Going forward in the spirit of 1Malaysia

Peggy [Far Left] with friends [Left to Right]
Siok, Kausar and Mastura [Front row]
Ramlah and Jit Chin [Top row]
during break time in CHIJ JB
Minutes before the breaking of fast, patrons at the Ramadan buffet were helping themselves to desserts, ready to break their fast.  I helped myself to a variety of cake and “kueh” but a piece of moist chocolate cake toppled over against my finger and stained it with a blob of thick chocolate.  A quick lick will wipe my finger clean but because I was among fasting Muslim patrons, I hesitated and then wiped it off with a paper napkin.

As far I could see my family and I were among at least three other tables of non-Muslim diners.  For us, it is an annual tradition to enjoy a Ramadan buffet together so every year we just picked a date and a destination.  We are familiar with the social etiquette in such a situation so we patiently waited along with our Muslim friends to break fast. 

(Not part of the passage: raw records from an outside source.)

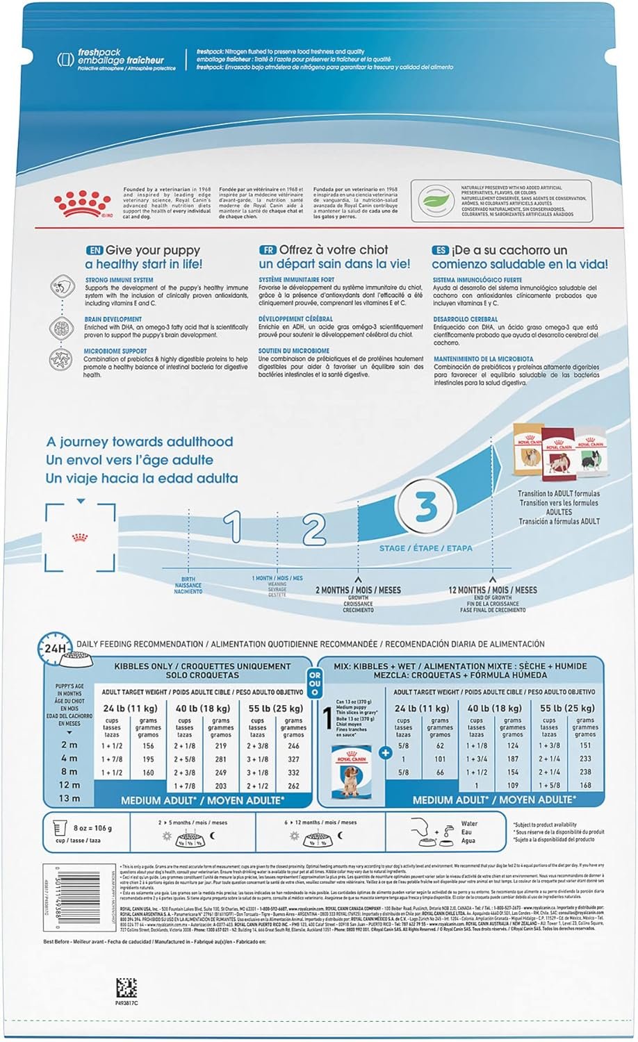 Serve up the targeted nutrition your puppy deserves with Royal Canin(R) Size Health Nutrition Medium Breed Dry Puppy Food. Royal Canin makes it easier than ever to feed your puppy dry food. This medium breed puppy food formula offers a crunchy dog kibble texture your puppy will love. Not only that, but this complete and balanced dry dog food provides the nutrition to support your puppy’s growth and development. DHA and omega-3 fatty acid in the healthy dog food help with your puppy’s brain development, while proteins, minerals and vitamins support a puppy’s high energy needs during growth. Antioxidants such as Vitamins E and C help with immune support, and a combination of prebiotics and highly digestible proteins promotes healthy digestion. Promote your puppy’s overall wellness with every Royal Canin Medium Breed Dry Puppy Food serving.
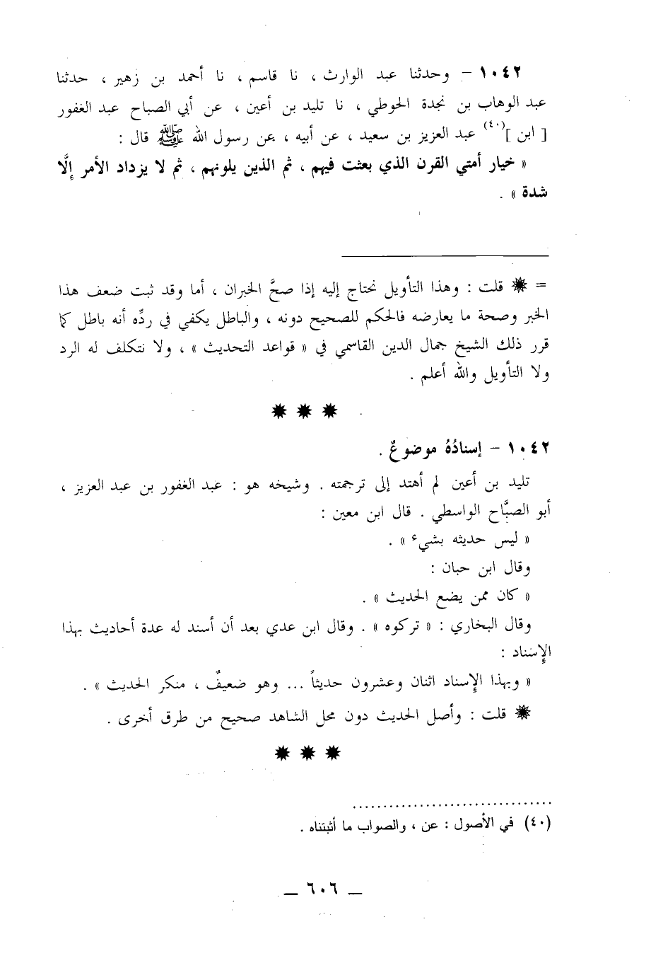 1042 - وَحَدَّثَنَا عَبْدُ الْوَارِثِ، نا قَاسِمُ، نا أَحْمَدُ بْنُ زُهَيْرٍ، حَدَّثَنَا عَبْدُ الْوَهَّابِ بْنُ نَجْدَةَ الْحَوْطِيُّ، نا تَلِيدُ بْنُ أَعْيَنَ، عَنْ أَبِي الصَّبَّاحِ عَبْدِ الْغَفُورِ بْنِ عَبْدِ الْعَزِيزِ بْنِ سَعِيدٍ، عَنْ أَبِيهِ، عَنْ رَسُولِ اللَّهِ صَلَّى اللَّهُ عَلَيْهِ وَسَلَّمَ قَالَ: §«خِيَارُ أُمَّتِي الْقَرْنُ الَّذِي بُعِثْتُ فِيهِمْ ثُمَّ الَّذِينَ يَلُونَهُمْ ثُمَّ لَا يَزْدَادُ الْأَمْرُ إِلَّا شِدَّةً»
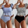 2021 nuevo traje de baño de bikini europeo y americano con rayas tridimensionales de tela de serpiente para mujer, sexy transfronterizo
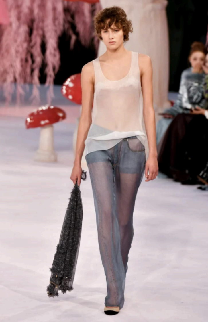 Something I found fantastic was how the clothes reflected couture’s inherent absurdity without being insulting or demeaning. The collection focused on the idea of the clothes and what they represent, being far more important than the clothing itself. As the show went on, these suggestions became concrete, moving from outline to reality. We saw skirts, jeans, jackets, and bags so thin and delicate that you almost wondered if they were there at all. Then, like magic, we found ourselves surrounded by so much texture, color, and depth that it was hard to fathom where we had just been.
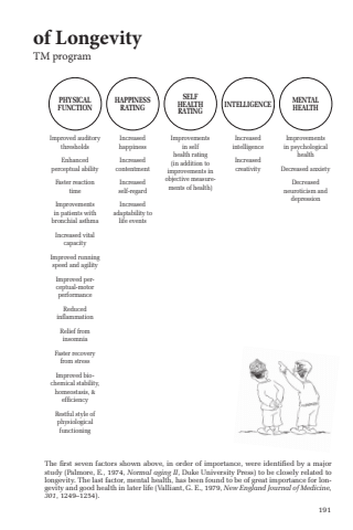 191of LongevityTM programThe fi rst seven factors shown above, in order of importance, were identifi ed by a major study (Palmore, E., 1974, Normal aging II, Duke University Press) to be closely related to longevity. The last factor, mental health, has been found to be of great importance for longevity and good health in later life (Valliant, G. E., 1979, New England Journal of Medicine, 301, 1249%u20131254).Improvements in psychological healthDecreased anxietyDecreased neuroticism and depressionImproved auditory thresholdsEnhanced perceptual abilityFaster reaction timeImprovements in patients with bronchial asthmaIncreased vital capacityImproved running speed and agilityImproved perceptual-motor performanceReduced infl ammationRelief from insomniaFaster recovery from stressImproved biochemical stability, homeostasis, & effi ciencyRestful style of physiological functioningIncreased happinessIncreased contentmentIncreasedself-regardIncreased adaptability to life eventsImprovementsin selfhealth rating (in addition to improvements in objective measurements of health)Increased intelligenceIncreased creativityMENTALHEALTHSELFHEALTHRATINGHAPPINESSRATINGPHYSICALFUNCTION INTELLIGENCE
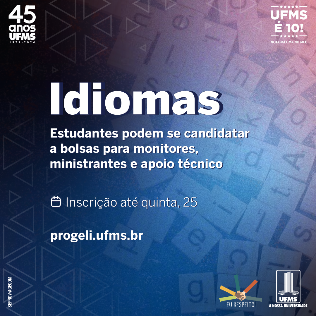 O Programa de Extensão de Ensino de Línguas (Progeli) vai selecionar 40 estudantes para atuarem como ministrantes, monitores, oficineiros e apoio administrativo. As inscrições estão abertas e seguem até o dia 25 de janeiro pelo formulário de inscrição.

In accepting and respecting our diversity, it was also okay for non-fasting diners to fill their plates and carry on eating.  But as the breaking of fast was just moments away, it made a difference for us to sit down quietly in an attitude of mutual respect.  When the Muslim patrons started to eat, we paused to say grace as a family before starting to eat. 

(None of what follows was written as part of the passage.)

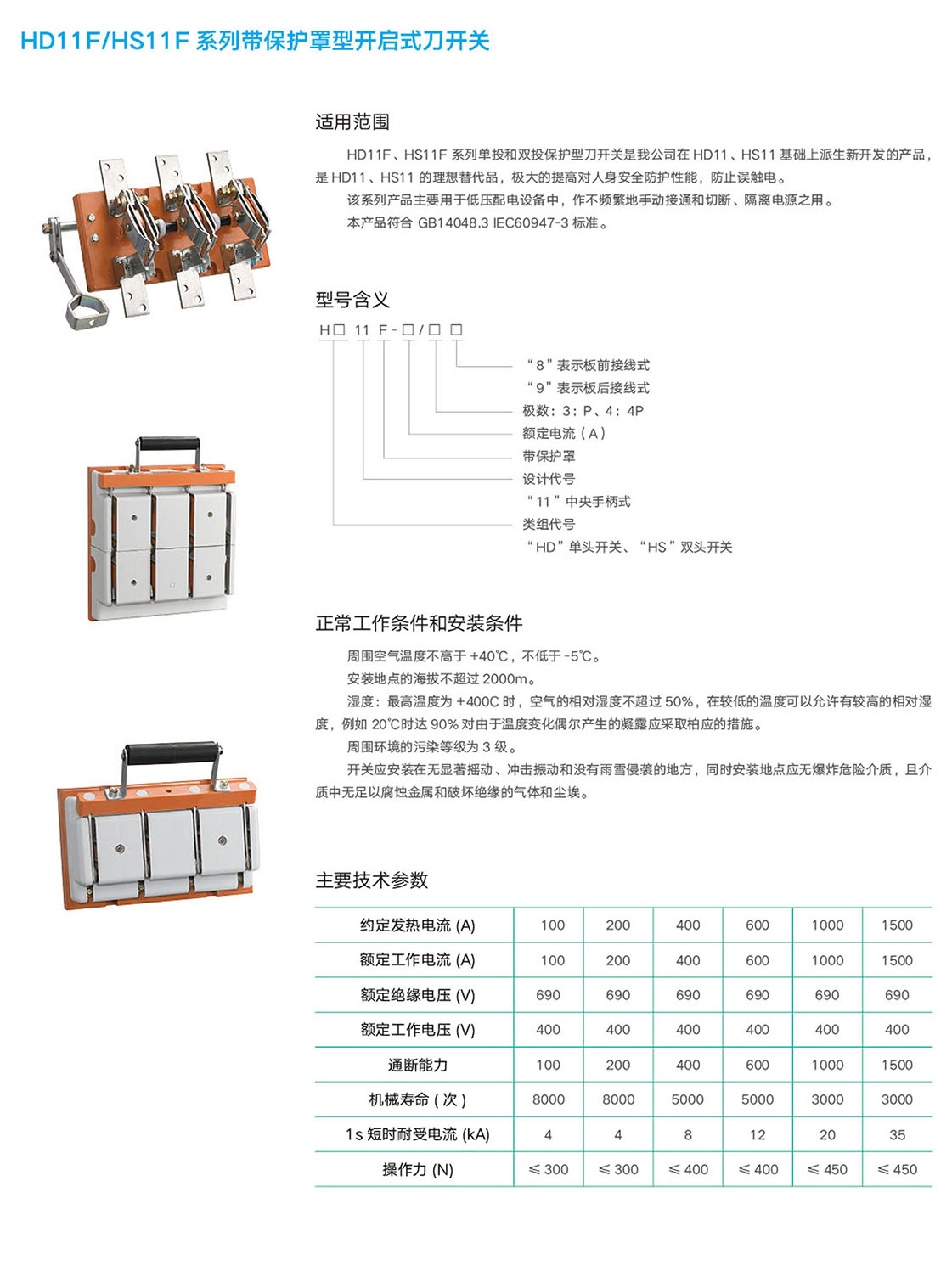 HD11F/HS11F带保护罩型开启式刀开关
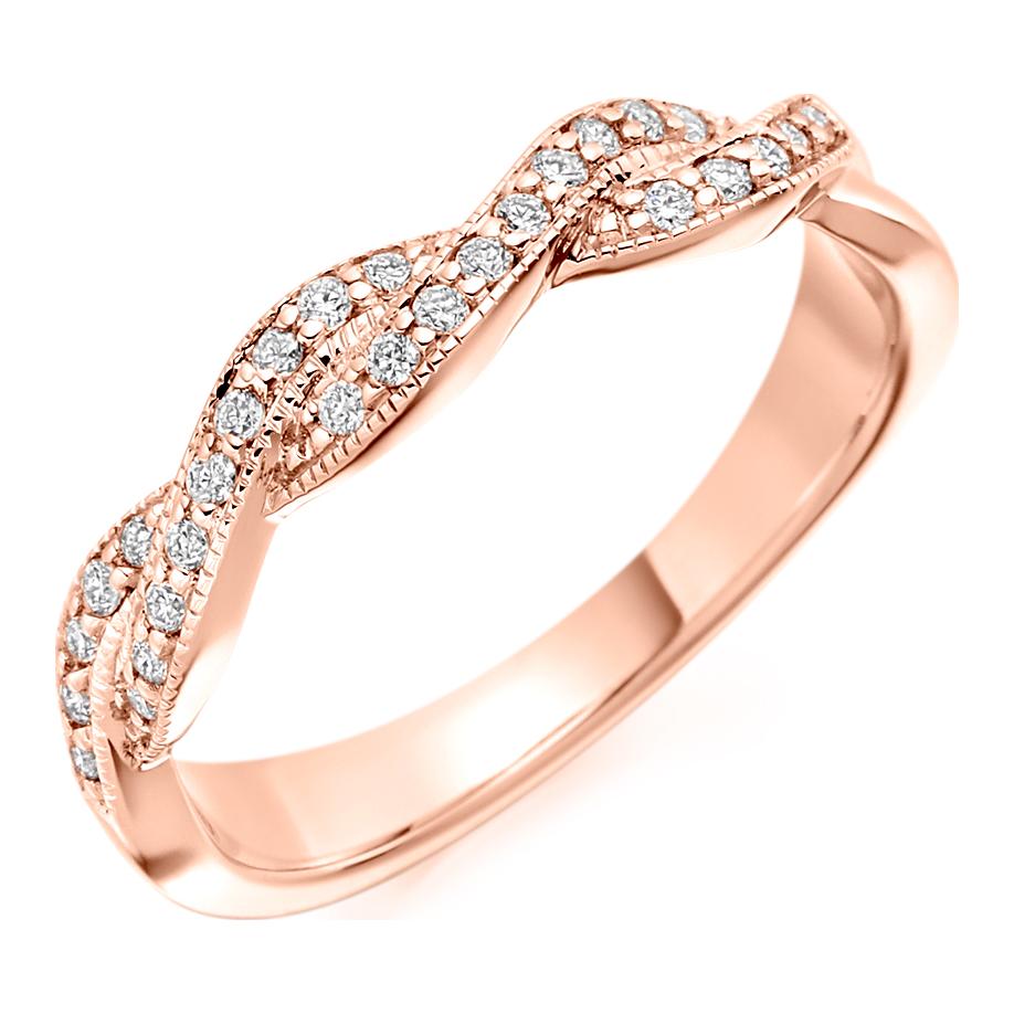 Shaped Diamond Twist Wedding Ring. 0.22ct Round Brilliant Cut Diamonds. 40% Diamond Coverage. Approximate Ring Width 3.9mm.

I believe it’s our upbringing, growing up in Government quarters living among all races and mixing freely with schoolmates that taught us the respect for different cultures.  Just as our parents have friends from every race and religion, my siblings and I remain fast friends with school and workmates of every creed and colour.  Looking back, I realize that we have adopted the values of 1Malaysia long before it was embraced today.

Friends [Left to Right] Emma, Mei Yoong and Alice
In school I mixed with different cliques in a healthy combination of different races and we used to hang out in warm camaraderie, doing regular things like eating “dosai” at Kerala Restaurant before going to the town library or slurping “ice kacang” at Ee H’ng along Jalan Ibrahim, after visiting the library. 

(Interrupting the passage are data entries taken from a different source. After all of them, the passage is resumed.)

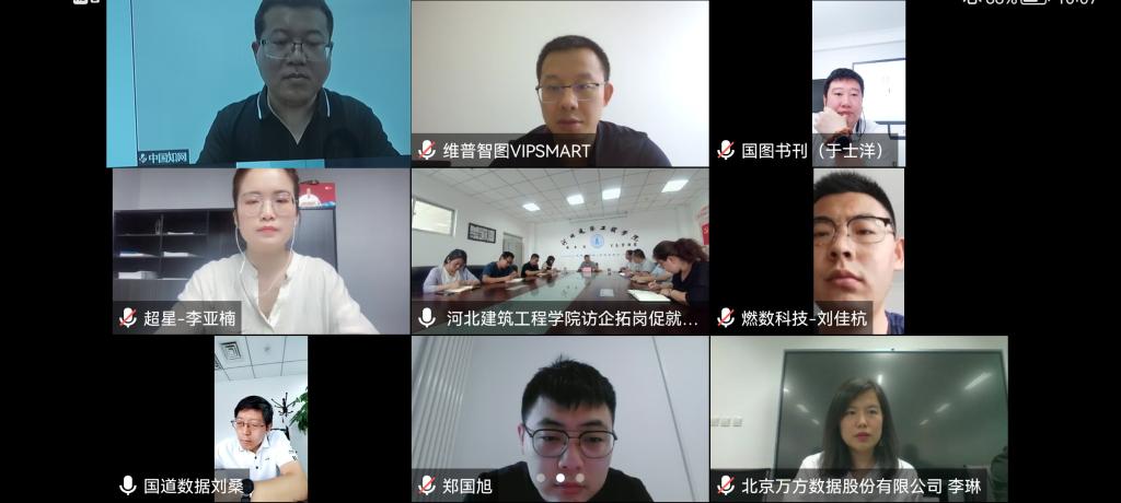 6月16日,信息管理系在图书馆A303举办了云端“访企拓岗”座谈会,参加座谈会的有副校长张立群、信息管理系领导班子成员及教师代表。会议邀请国道数据、北京超星公司、国图书刊有限公司、燃数科技公司、维普智图科技公司、北京万方数据公司、中国知网河北分公司等7家企业代表参加。会议由信息管理系党总支书记杜占江主持。
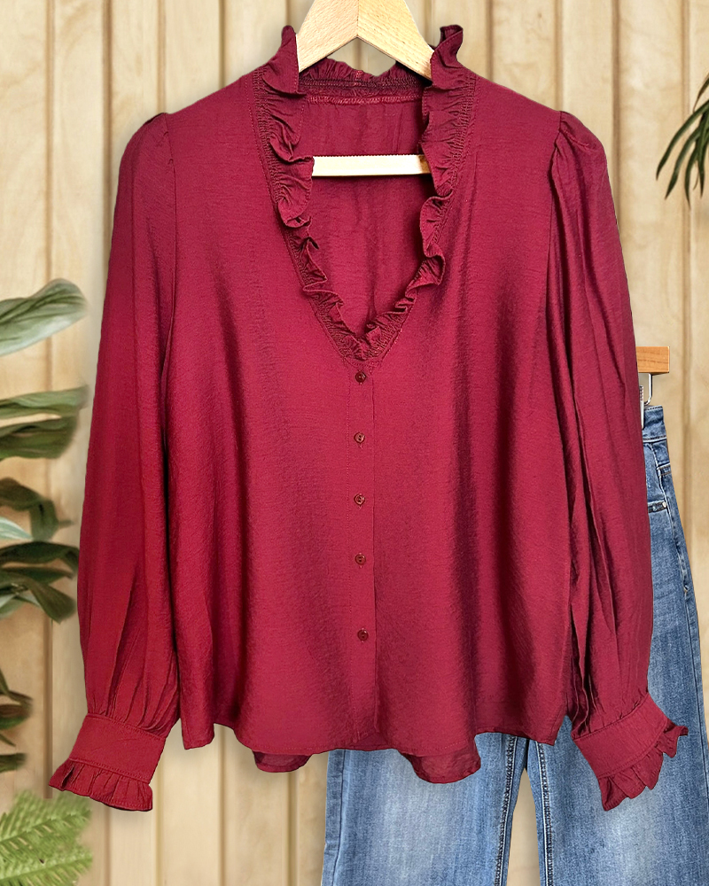 Mint Boutique Solid Color Elegant V Neck Button Up Blouse
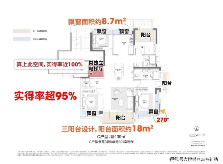 得房率 85%-88%,主力户型实得率超 95%,139㎡户型附加电梯厅后接近 100%。
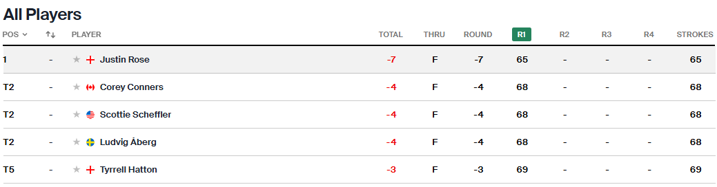 Justin Rose fue el mejor de la jornada inaugural; Scottie Scheffler, defensor del título, lo escolta.
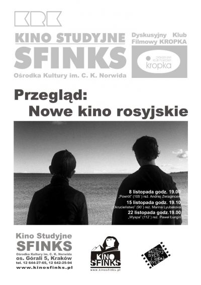 Dyskusyjny Klub Filmowy Kropka Kina Studyjnego Sfinks (os. Górali 5) serdecznie zaprasza wszystkich miłośników kina na listopadowy przegląd „Nowe kino rosyjskie”, przybliży kinomanom to, co działo się w kinie rosyjskim ostatnich lat.
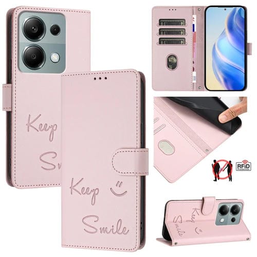 Funda de Cuero Rfid con Relieve de Sonrisa Global para Redmi Note 13 Pro 4G (Rosa)
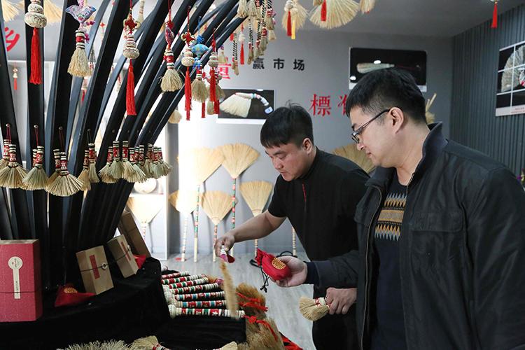义昌隆村扶贫车间开发的精品笤帚品种繁多。
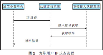 對于寬帶用戶來說,認證鑒權(quán)系統(tǒng)需要根據(jù)用戶訪問的IP地址對用戶身份進行反查;或?qū)τ脩粼L問業(yè)務(wù)時輸入的用戶賬號信息進行驗證。其中反查與驗證工作均需借助于寬帶接入認證系統(tǒng)(AAA)實現(xiàn)。

We are blind to any racial differences as we ate from the same plate and drank from the same cup or sipped from the same straw.  Growing up together, we had great fun doing class projects, organizing house parties, sharing clothes and make-up, and having sleepovers in each other’s homes.

Now living in locations worldwide, my network of school-mates remains in touch with the convenience of the internet and we continue to exchange updates in cyberspace.  Thirty years on, we organized a big reunion bash with an overnight stay in a resort, bringing together more than 60 friends from different parts of the world, some as mothers, mothers-in-law and even glamorous grandmothers.  Graced by Sister Regina, a former teacher/counselor, our coming together again from such great distances, was a hugely successful event.

The gang at our reunion in 2004
When Sister Regina was invited to address us, she suddenly removed her shoes, left them under the table and walked bare-footed to the lectern.  As we watched her slowly make her way up to the raised platform, those who saw this unusual gesture were silenced in awe and openly alarmed.  Our fears were calmed when she gently explained that it symbolized her respect to us because she was so humbled by how we are keeping the spirit of unity alive in spite of our diverse ethnic backgrounds.

Since that reunion in 2004, we had a second grand reunion in 2007 and made short trips together to Singapore, Kuala Lumpur, Malacca and various districts in Johor, strengthening our bond and reconnecting with each other in a very special way. 

When classmates who have moved to work and live outstation or abroad return to their family homes in Johor Bahru for Hari Raya, Deepavali and Chinese New Year, we will somehow fix a day to meet and catch up with each other.  With careers established and children now grown, it’s very refreshing to rekindle our long-standing friendships as we move into the next chapter of our lives. 

During this recent Hari Raya break, a classmate was in Johor Bahru not only for her annual festive visit but also to present me with her daughter’s wedding invitation.  The weekend event held in Kuala Lumpur next month will include a typically Johor-style Akad Nikah ceremony and a dinner banquet the following evening.  As Emma and I hugged each other fondly in farewell, I felt very privileged to be among her close friends and be invited to share with her, an event as special and intimate as her daughter’s Nikah ceremony.

Mei Keeng [Left] meeting Kausar again after so many years!
I realize that we are all on an equal footing as non-native speakers of the English language and this common language bonded us together even though we each have our own language and culture. 

Having established and nurtured our relationships in school, it’s interesting to note that the days of attending my friends’ wedding celebrations are over and I’m now going to their children’s weddings.  It’s just another way which shows how far we have come, not just in accepting, trusting and respecting each other but also in loving one another. 

By building on mutual respect, we can each do our part to go forward sharing and cultivating strong and harmonious unity, to make this nation a better place for our future generations.  Call it by any name – Muhibbah or 1Malaysia – there’s always more to learn and love than to frown and fear about each other.